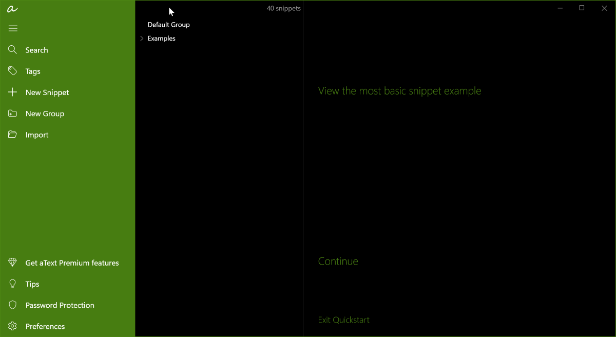 В правой половине окна aText предлагает вам ознакомиться с базовым набором сниппетов. Также можно посмотреть какие-то конкретные примеры, нажав на кнопку Продолжить.
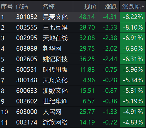 与AI算力同步走低的是传媒板块,上午板块大跌3%,总市值跌至1.6万亿。三七互娱(维权)大跌超8%,天地在线、时代出版、姚记科技、浙数文化等跌幅均超5%。
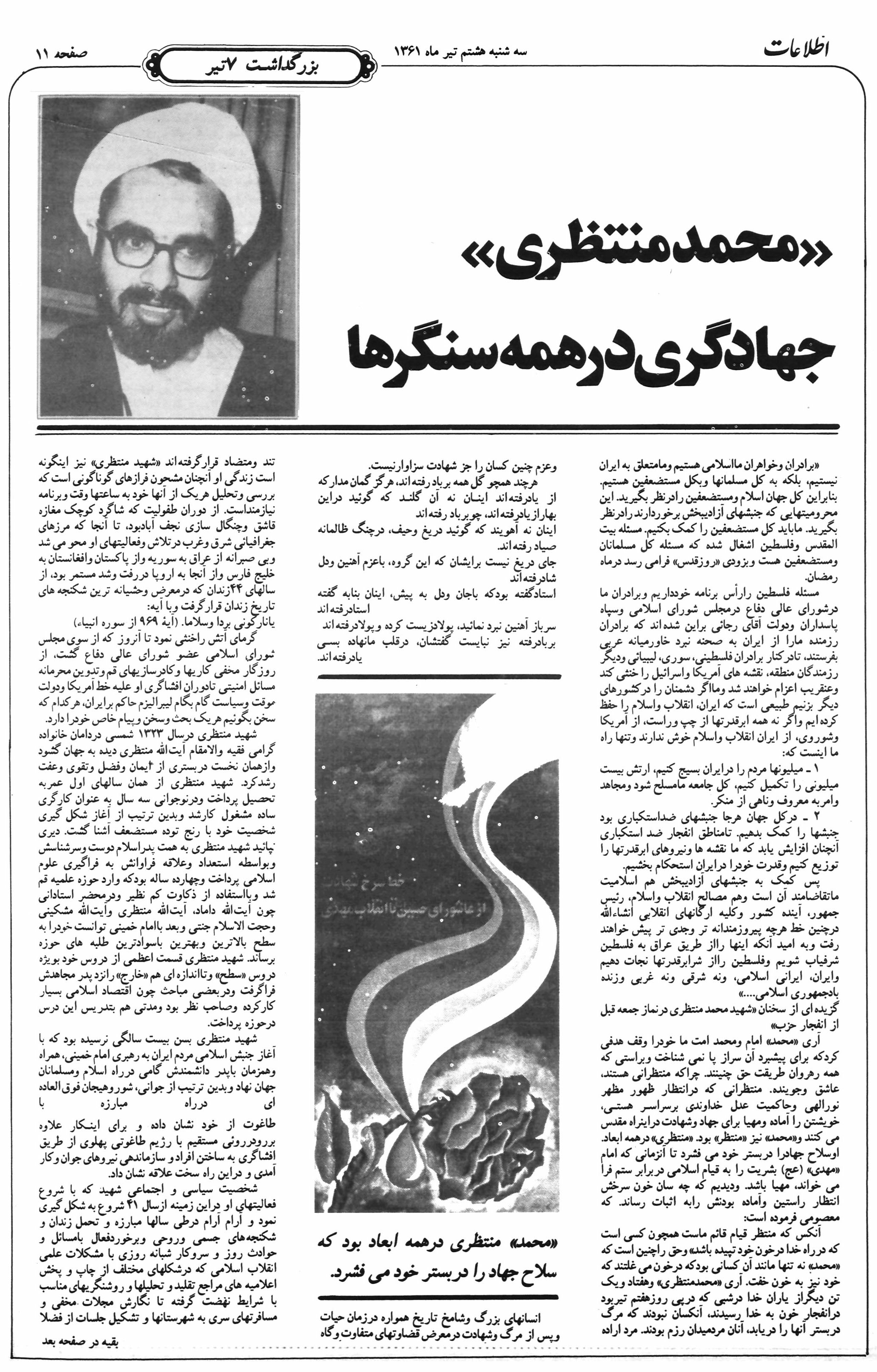 روزنامه اطلاعات مورخ ۱۱ دیماه ۱۳۵۸ صفحه ۱ و ۸

REQUIRED ACTION
The data above must be copied exactly. Leave out the pictures.

THE COMPLETED TASK
 В правой половине окна aText предлагает вам ознакомиться с базовым набором сниппетов. Также можно посмотреть какие-то конкретные примеры, нажав на кнопку Продолжить.
 与AI算力同步走低的是传媒板块,上午板块大跌3%,总市值跌至1.6万亿。三七互娱(维权)大跌超8%,天地在线、时代出版、姚记科技、浙数文化等跌幅均超5%。
 روزنامه اطلاعات مورخ ۱۱ دیماه ۱۳۵۸ صفحه ۱ و ۸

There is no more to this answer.